High concentration of soluble sodium (Na) initially causes osmotic and ionic stresses to plants (Zhu 2002; Munns and Tester 2008). Osmotic shock starts immediately when plant roots are exposed to salt solution at a certain threshold level, approximately 40 mM NaCl for most plants (Munns and Tester 2008). Osmotic stress significantly reduces water uptake and tissue growth rates of plants, leading to reduced development and productivity in later phases (Horie et al. 2012; Han et al. 2015). Ionic stress is mainly caused by Na accumulation at a toxic concentration, which causes leaf senescence and cell death (Munns and Tester 2008). Therefore, the effective strategies of fighting against salt stress for plants are to keep low cytosolic Na+ concentration at the cellular level and low shoot Na+ concentrations at the whole plant level in response to salt stress at the early phases (Horie et al. 2012). Previous studies also revealed that high cytosolic K+/Na+ ratio, especially in shoots is crucial for salt tolerance for glycophyte plants (Gorham et al. 1990; Blumwald 2000; Chen et al. 2005; Shabala et al. 2010). For example, a salt-tolerant rice genotype, PL177 showed significantly less salt damage, higher K+/Na+ ratio in shoots and lower Na+ translocation from roots to shoots than the sensitive genotype, IR64 (Wang et al. 2016).
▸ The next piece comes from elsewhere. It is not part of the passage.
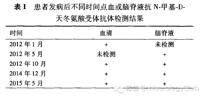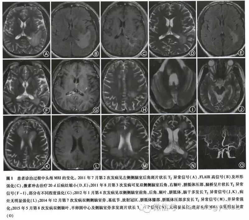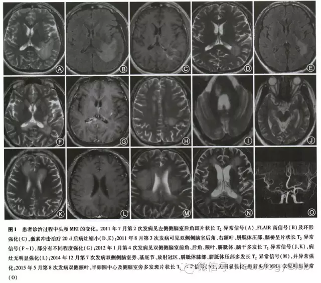患者男性,35岁,工人,因“反复发作复视、肢体抽搐、精神行为异常5年,发作性右下肢无力半年”于2015年7月12日入院。患者5年前(2010年7月)无明显诱因出现视物成双、视物模糊,后出现头痛、发热,体格检查见双眼水平眼震、双下肢病理征阳性,化验脑脊液白细胞20×10^6/L、白蛋白0.46 g/L,颅脑MRI平扫未见明显异常,诊断为“病毒性脑炎”,给予“抗病毒、激素”等治疗37 d后症状缓解出院。2011年7月患者出现发作性意识不清、四肢抽搐,行头颅MRI示“左侧侧脑室后角白质脱髓鞘改变”(图1A-C),诊断为“脱髓鞘病变”,给予甲泼尼龙冲击治疗,20d后复查头颅MRI示“左侧侧脑室后角周围白质内病灶较前范围减小,考虑脱髓鞘病变可能大”(图1D、E),遗留性格改变、情绪易波动。2011年8月再次出现视物成双,头颅MRI示“双侧侧脑室后角、右额叶、胼胝体压部、脑桥异常信号,部分有不同程度强化”(图1F-I),再次甲泼尼龙冲击治疗2个月后视物成双缓解,遗留计算力减退。2012年1月再次出现发作性肢体抽搐,每次持续数秒钟缓解,每天发作数次,伴有发作性精神行为异常,烦躁、易哭,复查头颅MRI示“双侧侧脑室前角、后角、额叶、胼胝体、脑干多发异常信号”(图1J-L),诊断为“脱髓鞘病变、脑炎后遗症、器质性精神障碍”,给予甲泼尼龙冲击及抗癫痫治疗2个月余,症状缓解。2012年5月再次出现视物成双、视物模糊,经甲泼尼龙冲击治疗后缓解。2012年10月复发视物成双,行头颅MRI示“双侧侧脑室周围白质区、第四脑室左旁多发异常信号”,再次给予甲泼尼龙冲击后症状缓解。2014年12月患者出现右下肢无力,计算力减退,右下肢肌力III-级,右侧查多克征、巴宾斯基征(+),余神经系统体检未见明显异常,复查头颅MRI平扫+强化示“双侧侧脑室旁、基底节、放射冠区、胼胝体膝部、胼胝体压部多发异常强化信号”(图1M),首次化验血和脑脊液抗NMDAR抗体均为(+),并化验前期复发时冻存血或脑脊液标本的抗NMDAR抗体(表1),诊断为“抗NMDAR脑炎”,经激素+免疫球蛋白冲击治疗后症状缓解。2015年5月患者再次出现肢体抽搐、右下肢无力,体格检查:高级智能减退,右下肢肌力Ⅳ级,余神经系统体检及心肺腹部体检未见明显异常,复查头颅MR平扫+强化示“双侧额叶、半卵圆中心及侧脑室旁多发斑片样异常信号影”(图1N),复查血和脑脊液抗NMDAR抗体均为(+),给予免疫球蛋白冲击治疗后症状缓解,并给予硫唑嘌呤口服。患者既往体健,家族中无类似症状者。患者2014年12月诊治过程中先后进行了7次腰椎穿刺检查,脑脊液白细胞数0-24×10^6/L,脑脊液蛋白0.37-0.80g/L,余脑脊液常规、生化、免疫球蛋白、髓鞘碱性蛋白、寡克隆区带电泳、新型隐球菌、抗酸杆菌及细菌、真菌培养及IgG指数均为正常。诊疗过程中多次化验血常规、肝功能、肾功能、生化、甲状腺功能五项、心肌酶、凝血检验、红细胞沉降率、抗O、类风湿因子、C反应蛋白、免疫球蛋白、补体、抗核抗体谱、抗中性粒细胞胞质抗体、肿瘤抗神经系统抗体谱、血肿瘤标志物谱、乙型肝炎病毒、丙型肝炎病毒、人类免疫缺陷病毒、梅毒螺旋体、TORCH十项、血和脑脊液水通道蛋白4(aquaporin-4,AQP4)、抗神经节苷脂、髓鞘少突胶质细胞糖蛋白抗体(myelin oligodendroeyte glycoprotein,MOG)均正常。脑电图示轻中度异常(全头区可见弥漫性θ波)。先后3次视觉诱发电位检查示“双眼分别刺激左、中、右枕记录,视觉诱发电位P100潜伏期均延长”。脊髓、视神经MRI平扫未见明显异常。心电图正常。彩超检查肝、胆、胰、脾、双肾、输尿管、膀胱、前列腺均未见明显异常。胸部CT示两肺纹理增多。2015年7月全身氟代脱氧葡萄糖(FDG)-PET示“双侧半卵圆中心及放射冠区多发斑片状稍低密度灶,FDG代谢未见明显异常,多发性硬化(MS)可能;前列腺腺体两侧FDG代谢异常增高,建议前列腺B超检查及总前列腺特异抗原(tPSA)、游离前列腺特异抗原(fPSA)检查”。复查前列腺B超未见明显异常,复查tPSA、fPSA均正常。

It is also suggested that salt tolerant genotypes are capable of maintaining a higher xylem K+/Na+ ratio by HKT transporter localized in plasma membrane and sequestering Na+ in vacuole by tonoplast-localized Na+/H+ exchangers in barley (Shabala et al. 2010). In short, the current studies demonstrate the importance of salt-induced ionic changes in the development of salt stress tolerance in plants.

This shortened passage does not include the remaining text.